The psychobiology of stress has received increasing attention throughout the past two decades. Physiological pathways and subjective response patterns are described in more details aiming at a better understanding of the pathways leading to health or disease under prolonged periods of stress. Technical advances in the laboratory have significantly contributed to this development. One of these methodological advances is the measurement of cortisol in saliva which has promoted psychobiological stress research both in the laboratory and in the field. The present paper provides a brief methodological background and the use of salivary cortisol assessment as an indicator of stress in human studies from this research centre. It is suggested that research on health consequences of noise exposure should include salivary cortisol as a sensitive measure of allostatic load.
Keywords: Saliva, Stress, TSST, Cortisol, Allostasis
|How to cite this article:|
Kirschbaum C, Hellhammer DH. Noise and stress - salivary cortisol as a non-invasive measure of allostatic load. Noise Health 1999;1:57-65
Cortisol - a Player of Major Importance in Allostasis
Different avenues of research suggest that prolonged exposure to stress may eventually lead to the development of disease in prone individuals. The most compelling theoretical model to explain the process of disease development as a result of stress available today is the so called 'allostasis' model (Schulkin et al. 1994). [Figure - 1] gives a schematic picture of the model. This model assumes that the organism attempts to maintain function through change. The organism responds to any stimulus or situation which may put the individual at risk of being damaged (both physically or psychologically) or even killed, with a pathway of changes. When the threatening situation is over, the stress responses have to be shut off, the organism calmed down. The wear and tear on the body systems which provide the physiological changes in response to stress is referred to as the allostatic load.

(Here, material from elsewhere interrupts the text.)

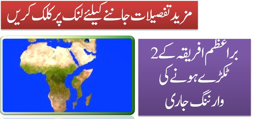 میل آن لائن کے مطابق سائنسدانوں نے کہا ہے کہ براعظم افریقہ میں لگ بھگ 2کروڑ 20لاکھ سال قبل 2ہزار میل لمبی ایک دراڑ پڑی تھی جو اب ہر سال 1 انچ بڑھتی جا رہی ہے اورکچھ دہائیوں میں براعظم افریقہ ٹوٹ کر 2حصوں میں تقسیم ہو جائے گا۔

A larger number of physiological processes change in response to environmental stress, including the production of stress-related hormones. Among other effects, this allows the body to spend more energy in times of increased demand. While on a short-term basis this response appears highly adaptive, there is a price the organism has to pay in the long-run. Diseases which may result from this 'allostatic load' include osteoporosis, coronary heart disease, hypertension, atherosclerosis, diabetes and immune-related diseases (McEwen, 1998). Although other bodily systems are also involved, it appears that the activity of the hypothalamuspituitary-adrenal (HPA) axis plays a central role in this process. While corticotropin-releasing hormone and adrenocorticotropin (ACTH) may also contribute to the development of these disorders, the end product of this endocrine axis, cortisol, appears to be closely associated with the majority of symptoms observed in stressassociated health problems (McEwen, 1998; Rosmond et al. 1998; Chrousos and Gold, 1998).
Environmental conditions which impose an allostatic load on the body that leads to chronically increased HPA activity can therefore contribute to disease onset and/or progression. Noise, as a major environmental stress, needs to be scrutinised as a potential source for allostatic load. Changes in HPA activity induced by exposure to constant or intermittent noise would be of prime importance to both, the basic researcher and the clinician. Since accumulating evidence suggests that the measurement of cortisol in saliva reliably reflects the biologically active fraction of the major HPA effector hormone, we suggest to include salivary cortisol measurements in studies of the biological effects of noise stress. In the following, we first give a brief characterization of this hormone including technical recommendations for use of saliva samples in laboratory and field studies.
Cortisol in Saliva
After stimulation by adrenocorticotropin (ACTH), the adrenal cortex synthesizes (among other steroid hormones) the main glucocorticoid hormone of the human body, cortisol. Within seconds after release into the blood stream, up to 95% of cortisol is bound to corticosteroid binding globulin (CBG) and nonspecific blood-borne carriers. Although it is believed that cortisol bound to carriers constitutes a reservoir of this steroid for use in times of increased demands, the physiological significance of the bound cortisol fraction has yet to be determined. Only 5-15% of cortisol circulates unbound in blood and can freely enter all cells in the body (Walker et al. 1978). Since the vast majority of all physiological functions of cortisol known today require binding to an intracellular receptor and subsequent interaction with DNA domains, it is the 'free' cortisol fraction which exerts biological activity (Robbins and Rall, 1957; Ekins, 1990).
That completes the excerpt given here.